Tar-pot, suggested by a begrimed appearance, lasted for months, and was succeeded by Doughy, and this again by Puffy, consequent upon the lad's head having so peculiar a tendency to what home-made bread makers call "rise," and as there was no baker on Cormorant Crag the term was familiar enough.
A whole string of forgotten names followed, but none of them stuck, for they did not irritate Carnach junior; but the right one in the boys'
eyes was found at last, upon a very hot day, following one upon which Vince and Mike had been prawning with stick and net among the rock pools under the cliffs,--and prawning under difficulties. For as they climbed along over, or waded amongst the fallen rocks detached from the towering heights above, Carnach junior, who had watched them descend, furnished himself with a creel full of heavy pebbles, and, making his way to the top of the cliffs, kept abreast and carefully out of sight, so as to annoy his natural enemies from time to time by dropping a stone into, or as near as he could manage to the little pool they were about to fish.
Words, addressed apparently to s.p.a.ce, though really to the invisible foe, were vain, and the boys fished on; but they did not take home many prawns for Mrs Burnet to have cooked for their tea.
The very next day, though, they had their revenge, for they came upon the lad toiling homeward, shouldering a couple of heavy oars, a boat mast and yard, and the lug-sail rolled round them, and lashed so as to form a big bundle, as much as he could carry; and, consequent upon his scarlet face, Vince saluted him with:
"Hullo, Lobster!"
That name went like an arrow to the mark, and pierced right through the armour of dense stupidity in which the boy was clad. Lobster! That fitted with his father's weakness and the jeering remarks he had often heard made by neighbours; and ever after the name stuck, and irritated him whenever it was used.
It was used on the morning when Vince was thinking deeply of the discovery of the previous day, and going over to Sir Francis Ladelle's for his lessons with Mike. As we have said, he was saluted with coa.r.s.e, jeering laughter, and the contemptuous utterance of the words "Going to school?"

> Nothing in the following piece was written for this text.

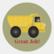 Great Job Dump Truck Sticker by Heard_ and 369. Text can be changed or removed. Background colour can be changed. Personalize it with your child's name!

Being excited, Vince turned sharply upon the great hulking lad, and his eyes began to blaze war, but with a laugh he only fell back on the nickname.
"Hullo, Lobster!" he cried: "that you?" and went on.
Carnach junior doubled his fists, and looked as if he were going to attack; but Vince, strong in the consciousness that he could at any time thrash the great lad, walked on with his books, heedless of the fact that he was followed at a distance, for his head was full of kegs and bales neatly done up in canvas, standing in good-sized stacks.